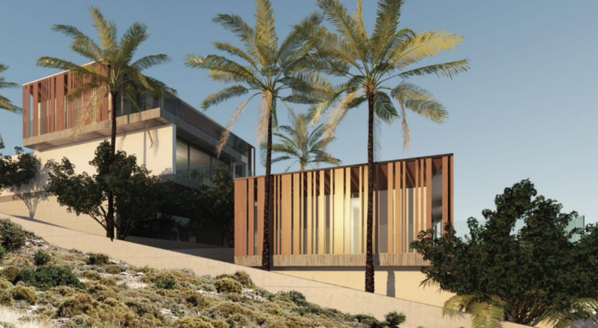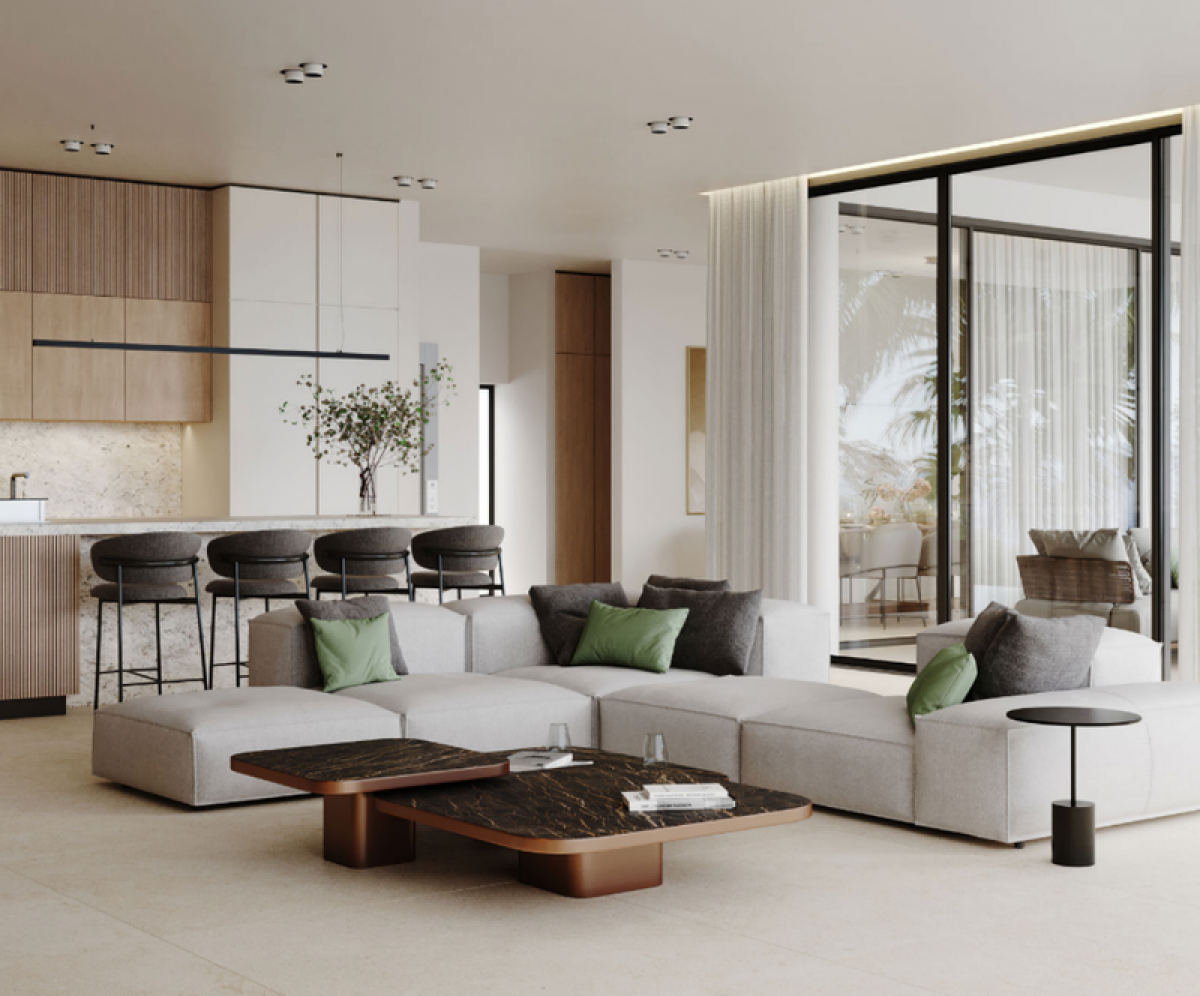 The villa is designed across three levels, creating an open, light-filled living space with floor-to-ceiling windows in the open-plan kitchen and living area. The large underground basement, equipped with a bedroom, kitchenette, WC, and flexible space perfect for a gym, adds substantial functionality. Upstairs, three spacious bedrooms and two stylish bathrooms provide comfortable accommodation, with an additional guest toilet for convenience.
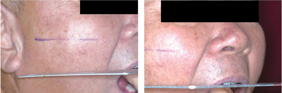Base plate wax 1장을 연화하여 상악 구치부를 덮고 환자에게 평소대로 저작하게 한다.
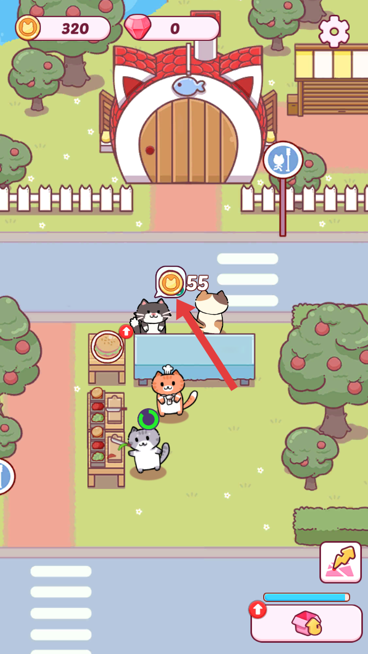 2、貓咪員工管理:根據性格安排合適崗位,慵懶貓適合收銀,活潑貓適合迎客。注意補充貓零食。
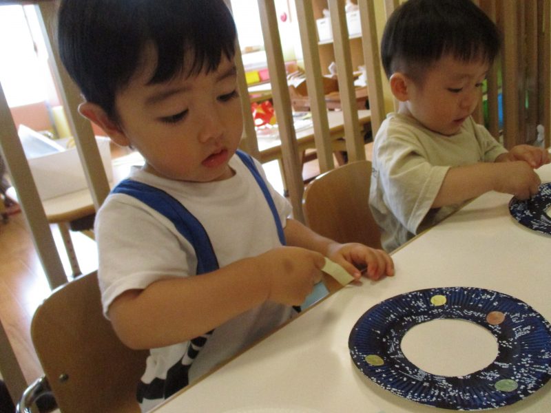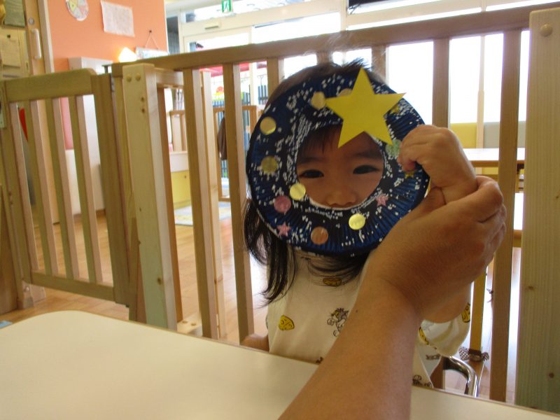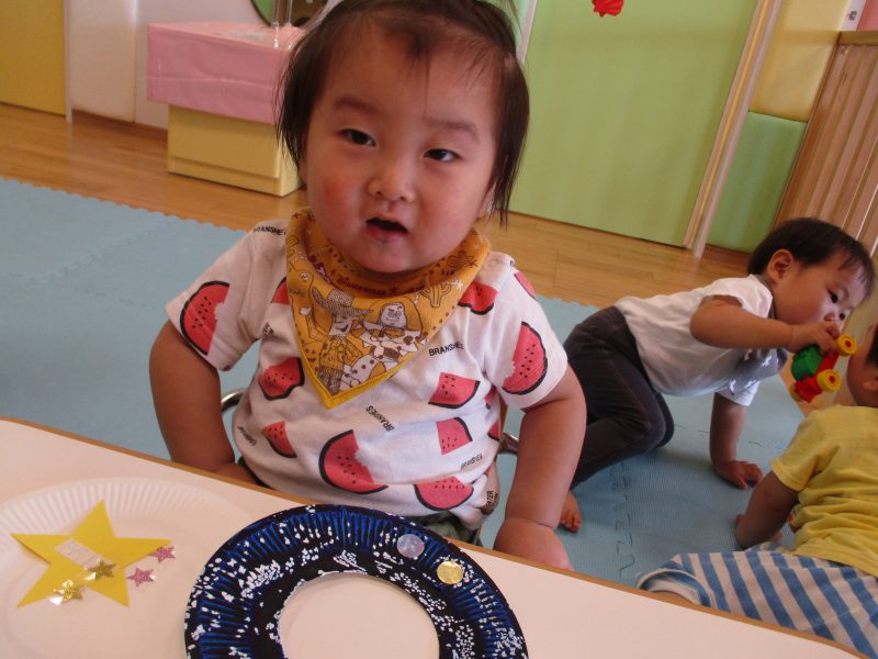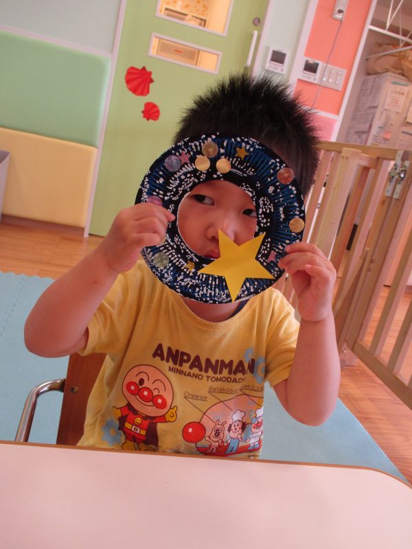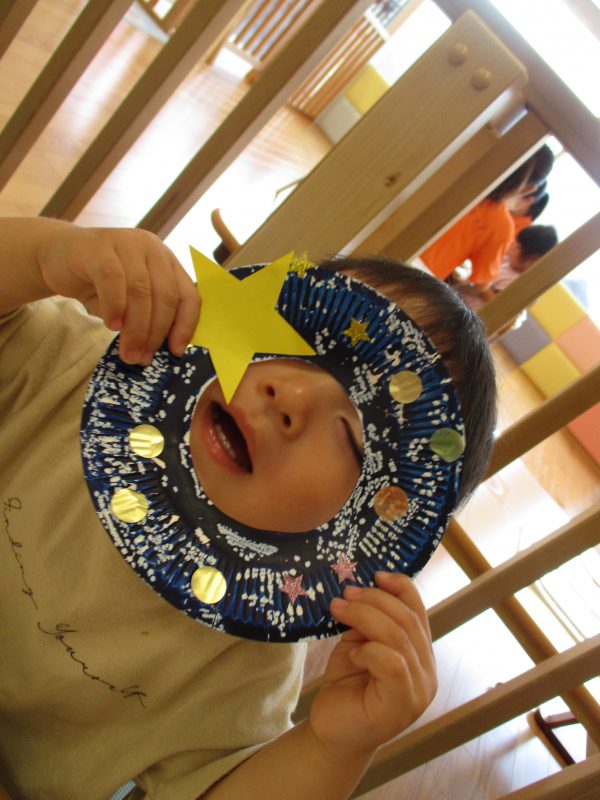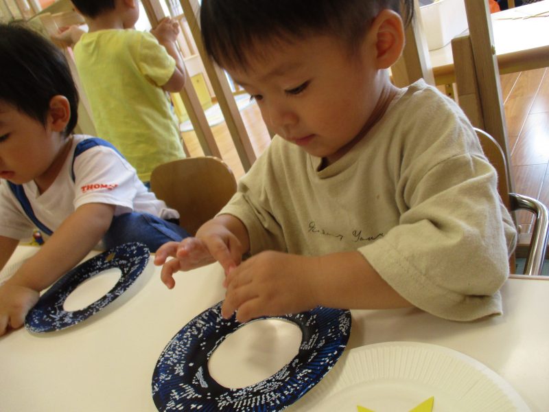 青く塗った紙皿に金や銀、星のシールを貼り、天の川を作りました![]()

Problem statement. The range to transcribe runs from the line holding "Base plate wax" through the final line of the data above; copy it exactly and exclude the pictures.

Output.
Base plate wax 1장을 연화하여 상악 구치부를 덮고 환자에게 평소대로 저작하게 한다.
 2、貓咪員工管理:根據性格安排合適崗位,慵懶貓適合收銀,活潑貓適合迎客。注意補充貓零食。
 青く塗った紙皿に金や銀、星のシールを貼り、天の川を作りました![]()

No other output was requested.